------ Given entries

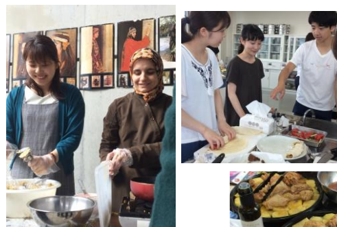
アラブ料理作りにも チャレンジしました。

【宗教】イスラームの聖典「コーラン」はアラビア語で書かれており、アラビア語を介して広くて深い宗教文化に分け入ることもできます。
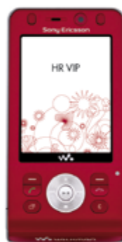
Vodafone live! Sony Ericsson W910i

Uz atraktivne mobitele i mjesečnu naknadu već od 100 kn
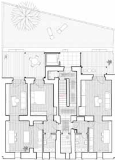
Půdorys 1. PP
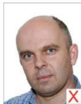
Effet de style

Le sujet doit présenter son visage face à l'objectif, sans incliner la tête de côté.
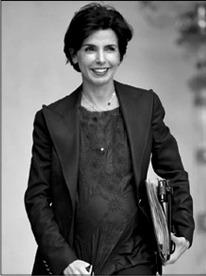
رهشیده پاش دەرچوونی له کلینکی منداڵبوونهکەهی، یهکسهەر بهشداریی کۆبوونهوهیهکی ئەنجوومهنی وهزیران دهکات
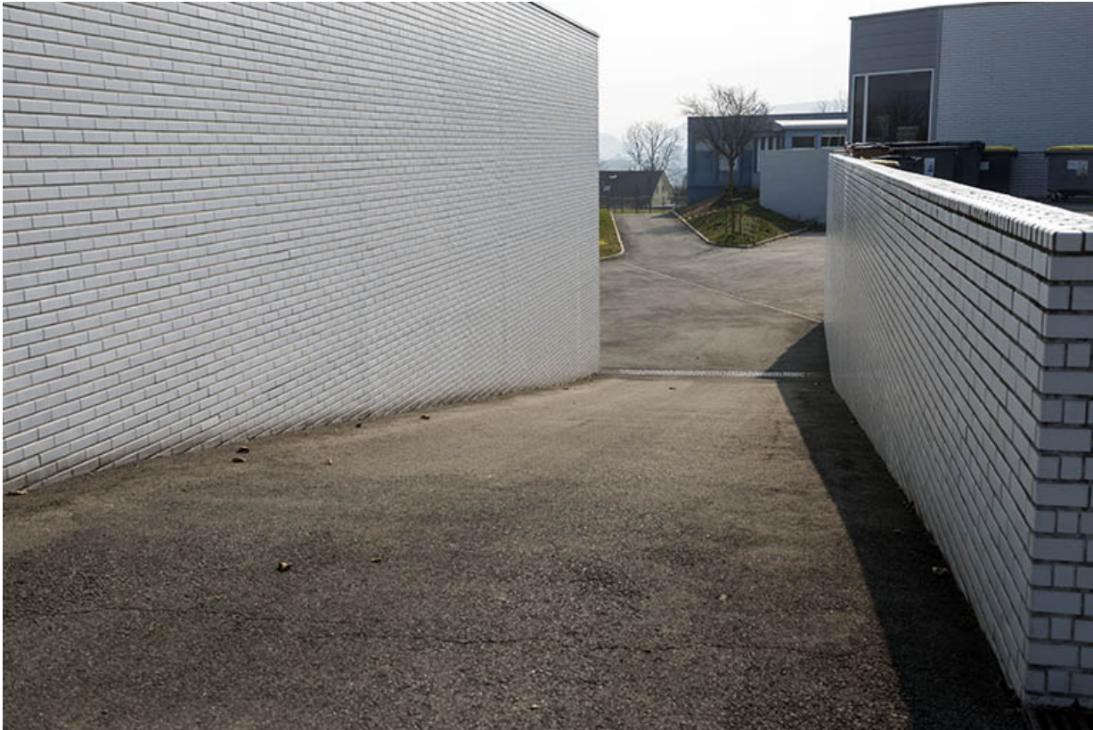
Circulation extérieure à l'ouest de la chaufferie, à l'est de la restauration.

------------

_Your objective_: From the line containing "Le sujet doit" to the final line above, both included, transcribe every line exactly and leave all pictures out.

_Response to the exercise_:
Le sujet doit présenter son visage face à l'objectif, sans incliner la tête de côté.
رهشیده پاش دەرچوونی له کلینکی منداڵبوونهکەهی، یهکسهەر بهشداریی کۆبوونهوهیهکی ئەنجوومهنی وهزیران دهکات
Circulation extérieure à l'ouest de la chaufferie, à l'est de la restauration.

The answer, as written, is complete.